━━━ RECORD EXTRACTS
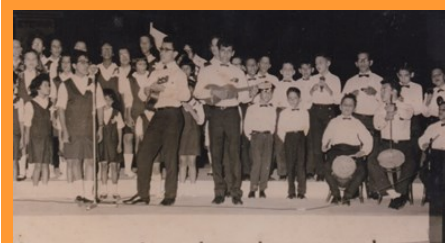
Grupo Aguinaldo di Savaneta
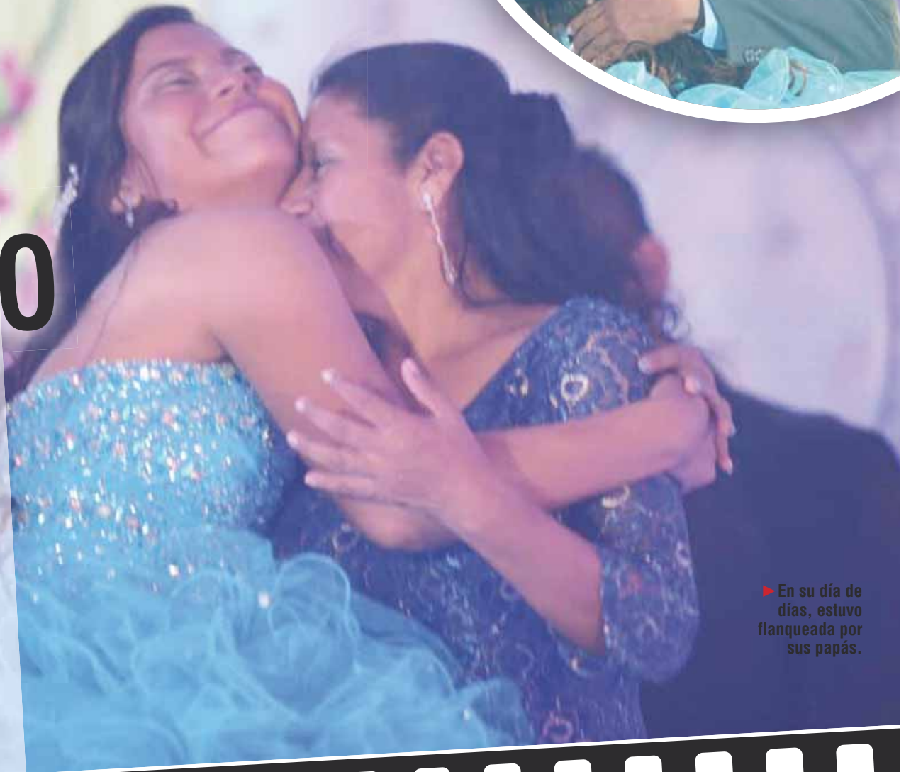
► En su día de días, estuvo flanqueada por sus papás.

Los presentes disfrutaron de un rico banquete preparado para la ocasión.
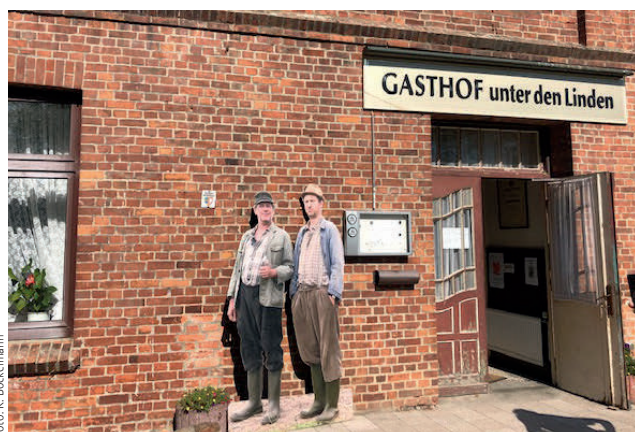
Besuch beim Drehort von „Neues aus Büttengewarden“ Lütjensee bis nach „Büttengewarden“.

Für das leibliche Wohl war bestens gesorgt und das Wissenswerte von den besuchten Zielen übermittelte ein erfahrener Reiseleiter. Zufrieden und voller neuer Eindrücke kehrten alle Teilnehmer am Abend nach Jürgenstorf zurück.
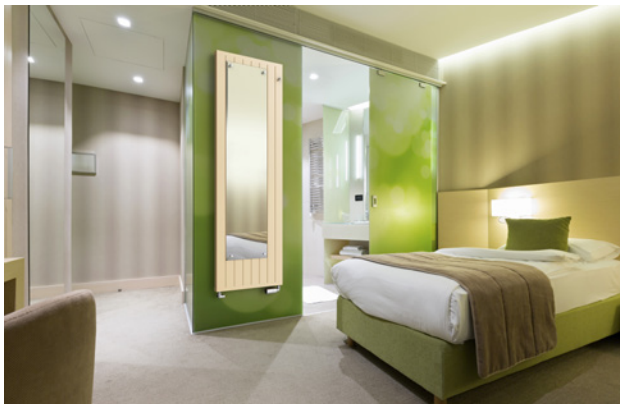
Onyx Mirror: radiátor se zrcadlem, barva: slonová kost, cena od 14 819 Kč s DPH MOC
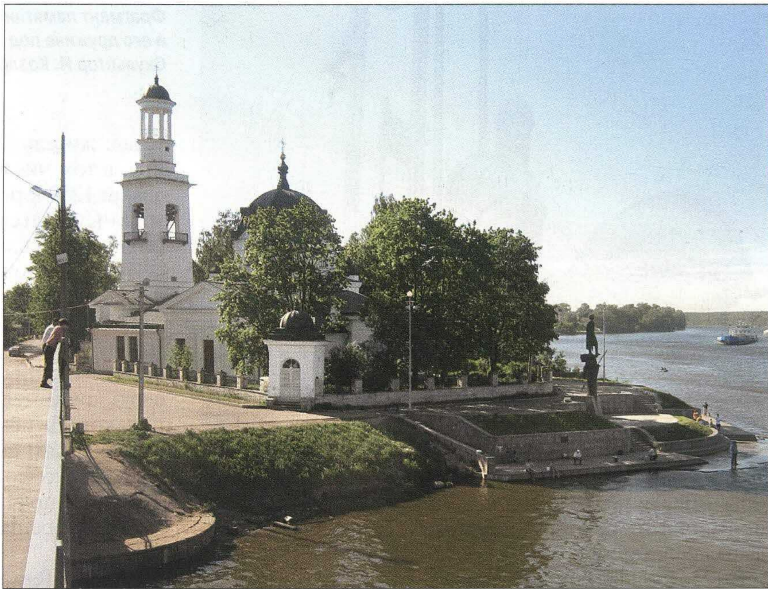
Церковь Александра Невского в Усть-Ижоре – историческом районе Санкт-Петербурга. Здесь 15 июля 1240 г. князь Александр Ярославич одержал победу над шведскими войсками, за что получил прозвище Невский.

по домам рыцарей, князь отложил боевые действия до тех пор, пока младший брат Андрей не приведет сюда отцовские полки. Только их вступление в город весной 1242 г. заставило власти республики собрать собственную рать. Но в поход Александр отправился только со своей и отцовской дружинами.
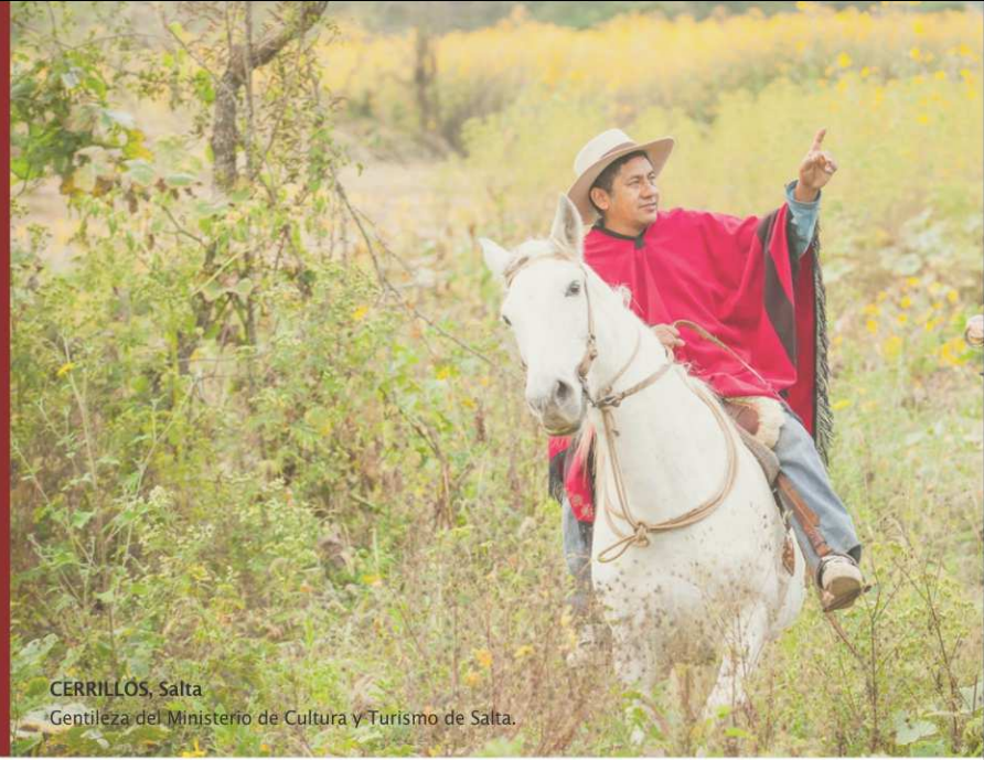
CERRILLOS, Salta
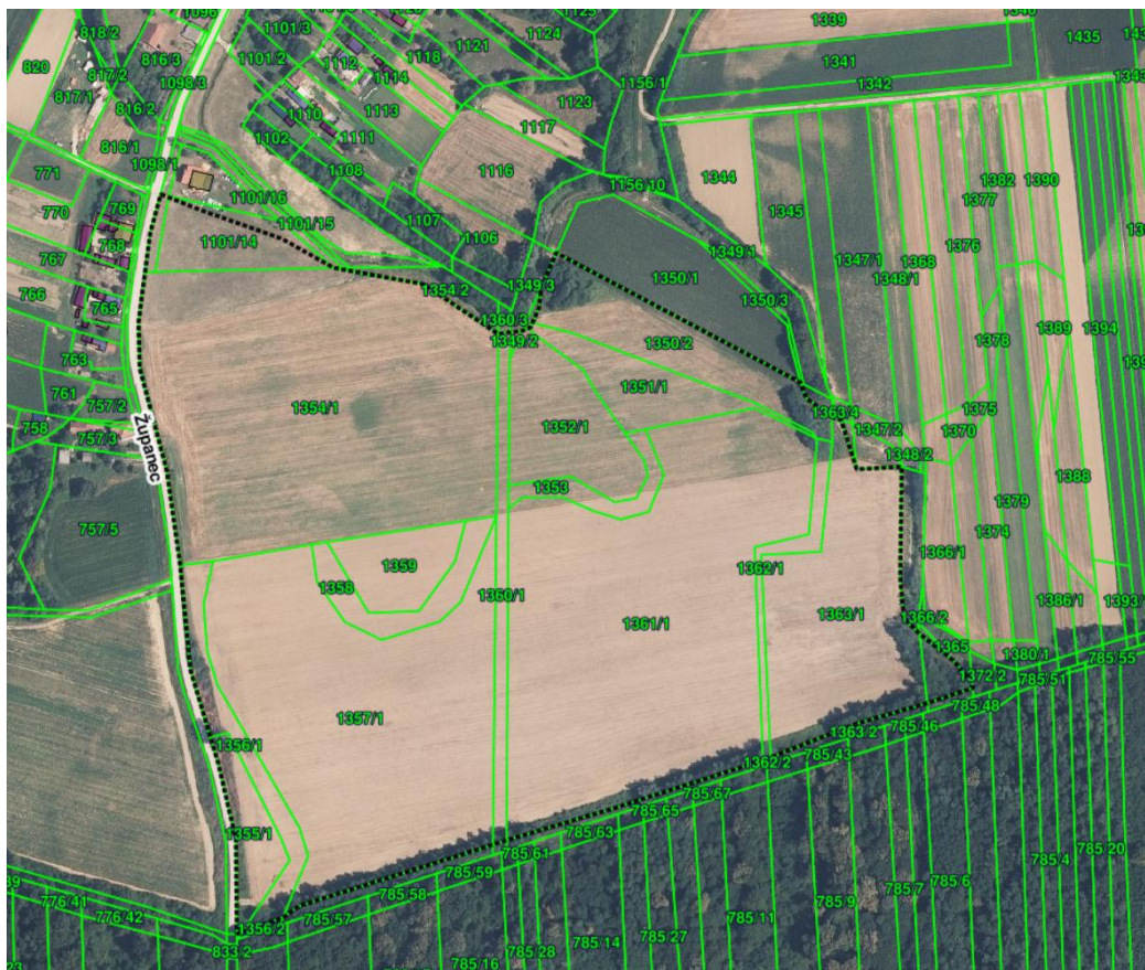
Prikaz 3 Detaljniji pregled obuhvata UPU – DOF 2021/22 s preklopljenim katastarskim česticama

Programska polazišta za izradu urbanističkog plana uređenja čine obaveze, smjernice i preporuke iz prostornih planova više razine i širih područja.
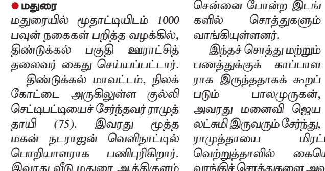
மதுரை மாவட்டத்தில் மதுரைக்கு குற்றம்சாட்டுவதில் ஈடுபட்ட தலைவரின் கைது.

மதுரை மாவட்டத்தில் மதுரைக்கு குற்றம்சாட்டுவதில் ஈடுபட்ட தலைவரின் கைது. மதுரை மாவட்டத்தில் மதுரைக்கு குற்றம்சாட்டுவதில் ஈடுபட்ட தலைவரின் கைது. மதுரை மாவட்டத்தில் மதுரைக்கு குற்றம்சாட்டுவதில் ஈடுபட்ட தலைவரின் கைது.
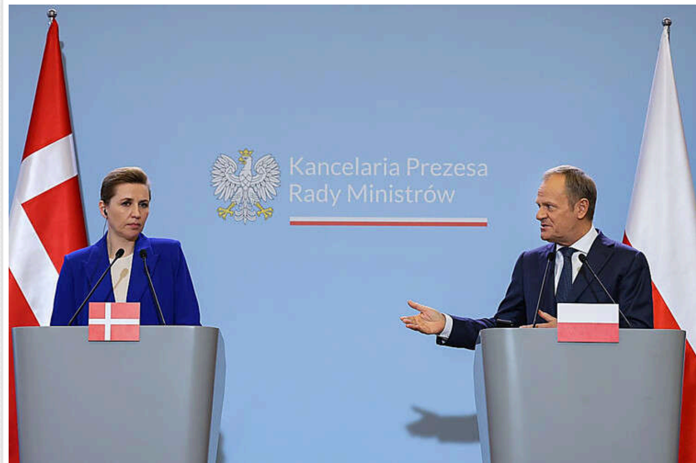
Польське та данське головування в ЄС у 2025 році має стати історичним, - Зеленський

Президент Владимир Зеленський вважає, що председательство Польши и Дании в 2025 году должны стать историческими для Украины.
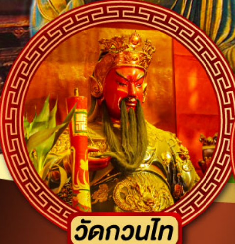
วัดกวนไท่
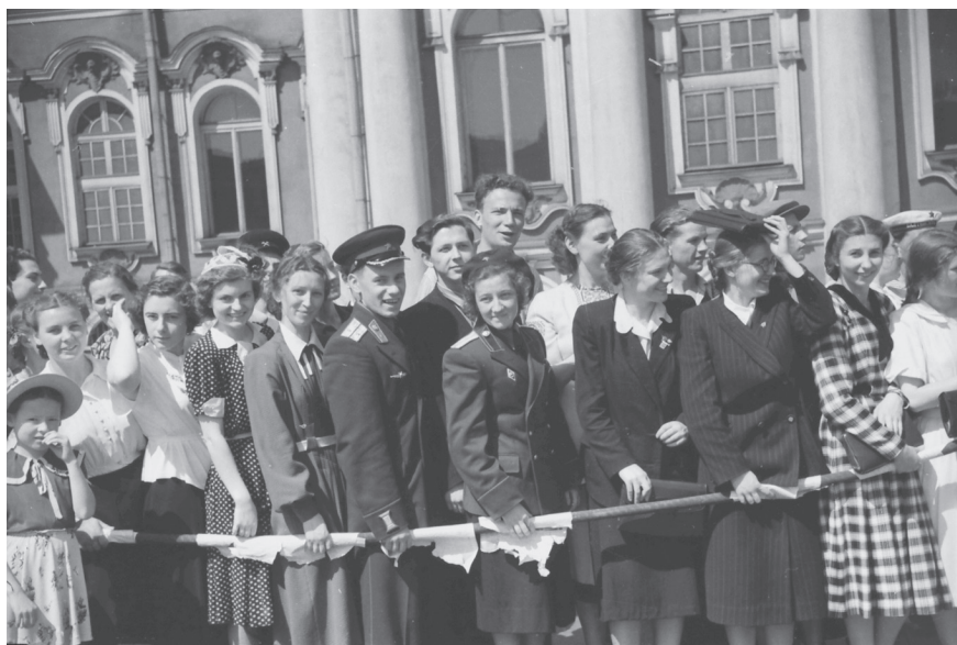
Зрители у здания Государственного Эрмитажа наблюдают за пионерским парадом на Дворцовой площади. 1960 г. Ленинград. Автор съемки: Б.Е. Ритов. ЦГАКФФД СПб. Оп. 1АР-118. Ед. хр. 162299.

ны. Для этого ровно в полдень 28 мая 1967 г., на площадь ЦПКиО им. С.М. Кирова, выехала колонна мотоциклистов с броневиком во главе. Кавалькада машин доставила в парк из музея Великой Октябрьской социалистической революции стяги петроградских рабочих и солдат, знамя «Авроры», знамена орденосных заводов и фабрик, факел, зажженный на старейшем предприятии Петроградской стороны – заводе «Ленинская искра» 1 . Конечно, гуляния такого масштаба проводились не очень часто и были приурочены к знаковым датам из жизни страны, партии, города, но как таковая форма отдыха она организовывалась регулярно.
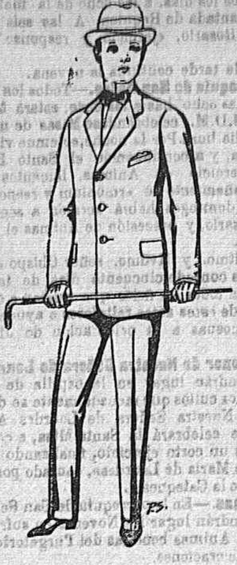
Trajes de pates para juveniles de 10 a 16 años De Ptas. 14 a 50
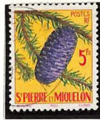
1958. — Picea. Dent. 12 1/2.
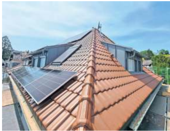
Neuer Wohnraum durch Dachgauben.

Die Firma Holzbau Schock und Bedachungen GmbH hat ihren Sitz in der Hertzstraße 1 in 70736 Fellbach. Termine für eine Fachberatung können unter 0711/58 12 00 oder per E-Mail (info@holzbau-schock.de) vereinbart werden. Auf Wunsch findet die Beratung gerne beim Kunden vor Ort statt. Weitere Informationen gibt es unter www.holzbau-schock.de im Internet. kae
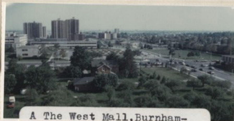
A The West Mall, Burnhamthorpe Road kereszteződése, baloldalon az etobicokei városháza /Municipal Centre/
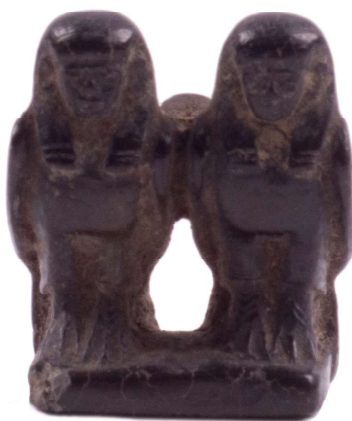
Figura 21. Amuleto de doble pájaro Ba.
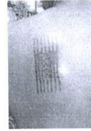
ภาพ 23 ยันต์ห้าแฉก
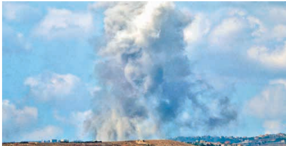
El humo se eleva tras un ataque aéreo israelí contra una aldea libanesa, visto desde la Alta Galilea, en el norte de Israel.

“¡Por favor, salgan de la zona de peligro ahora!”, instó el mandatario en un videomensaje. “Tomen en serio esta advertencia. No permitan que Hizbulá ponga en peligro sus vidas y las de sus seres queridos”, añadió.
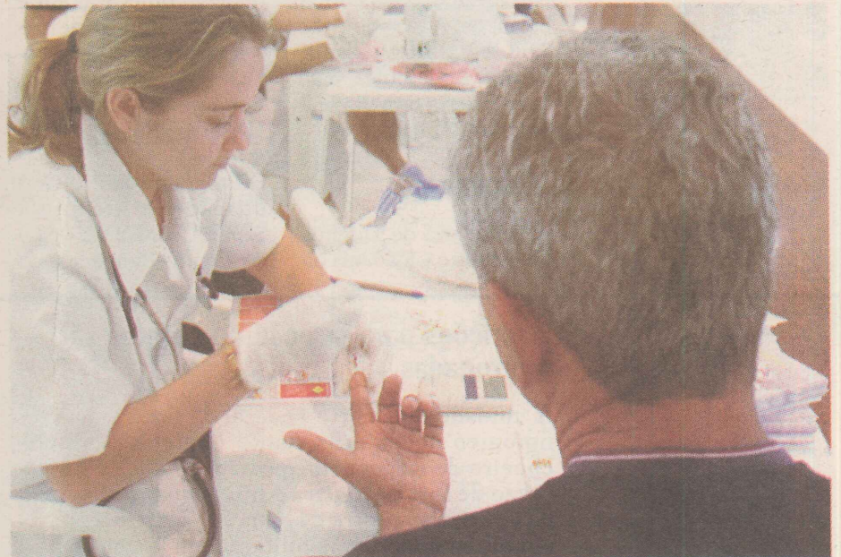
NÚMERO. Meta da Defensoria Pública do Estado é realizar 400 exames até o dia 31 de dezembro.

Quem já se inscreveu para verificação de paternidade e não foi chamado, deve comparecer com o filho ou filha e o suposto pai para ser atendido. Também para aqueles que ainda não se inscreveram, mas querem realizar o exame, a Defensoria está cadastrando novos pedidos.
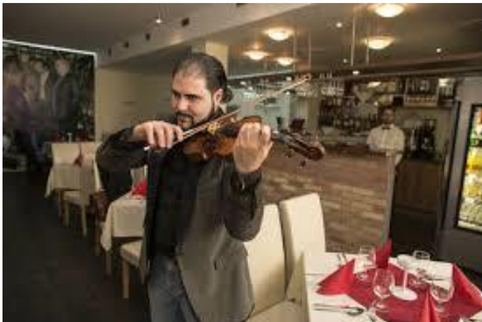
Primáš Cigánskych diablov
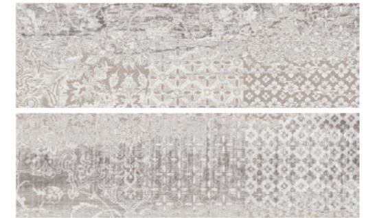
Deco Origen Gris 20.2x66.2 / 8"x26"
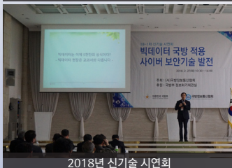
2018년 신기술 시연회
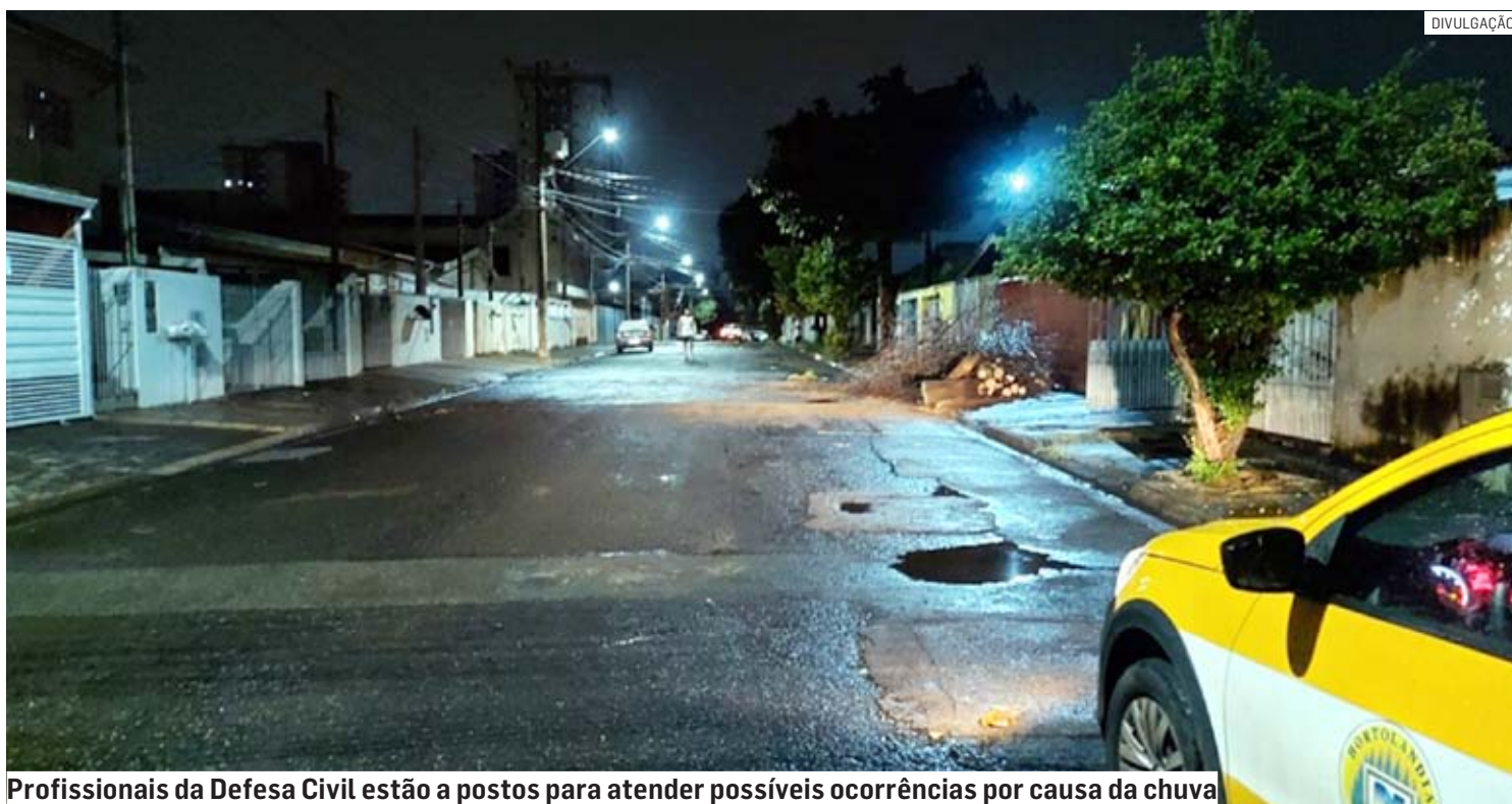
Profissionais da Defesa Civil estão a postos para atender possíveis ocorrências por causa da chuva

Em 72h, município registrou acúmulo de 55 mm e queda de 14 árvores; Defesa Civil afirma estar em alerta na tentativa de evitar mais estragos
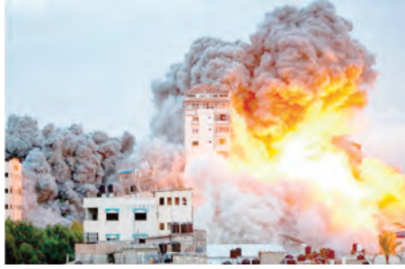
شاهد في مجاز متتالية يرتكبها جيش الاحتلال في الموصي.

ويعد أن "تمتصت "حماس" الحراك الدولي، الرافض لهذا الصمت وتصادد الرفض العالمي للحرب الإبادة في قطاع غزة، دعم كل دول وأحرار العالم إلى تصعيد الإجراءات ضد جيش الاحتلال الفاشي وإجباره على وقف جرائمه وانتهاكات بحق الشعب الفلسطيني".
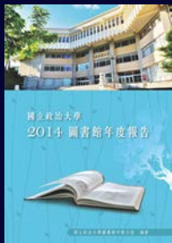
國立政治大學 圖書館年報
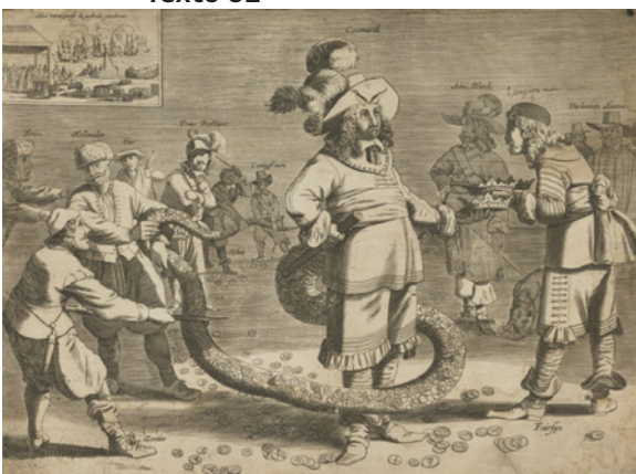
caricatura holandesa de 1658, intitulada O Horrível Homem-Rabo.

As imagens foram produzidas no contexto da guerra civil na Inglaterra, ambas destacam o poder de Oliver Cromwell, porém apresentam sentidos diferentes respectivamente de:
━━━━━━
EXERCISE DETAILS → In the entries above, find the line with "A The West Mall, Burnhamthorpe" and the line with "NÚMERO. Meta da". Return exactly those lines and all the ones between them, pictures excluded.

RESULT →
A The West Mall, Burnhamthorpe Road kereszteződése, baloldalon az etobicokei városháza /Municipal Centre/
Figura 21. Amuleto de doble pájaro Ba.
ภาพ 23 ยันต์ห้าแฉก
El humo se eleva tras un ataque aéreo israelí contra una aldea libanesa, visto desde la Alta Galilea, en el norte de Israel.

“¡Por favor, salgan de la zona de peligro ahora!”, instó el mandatario en un videomensaje. “Tomen en serio esta advertencia. No permitan que Hizbulá ponga en peligro sus vidas y las de sus seres queridos”, añadió.
NÚMERO. Meta da Defensoria Pública do Estado é realizar 400 exames até o dia 31 de dezembro.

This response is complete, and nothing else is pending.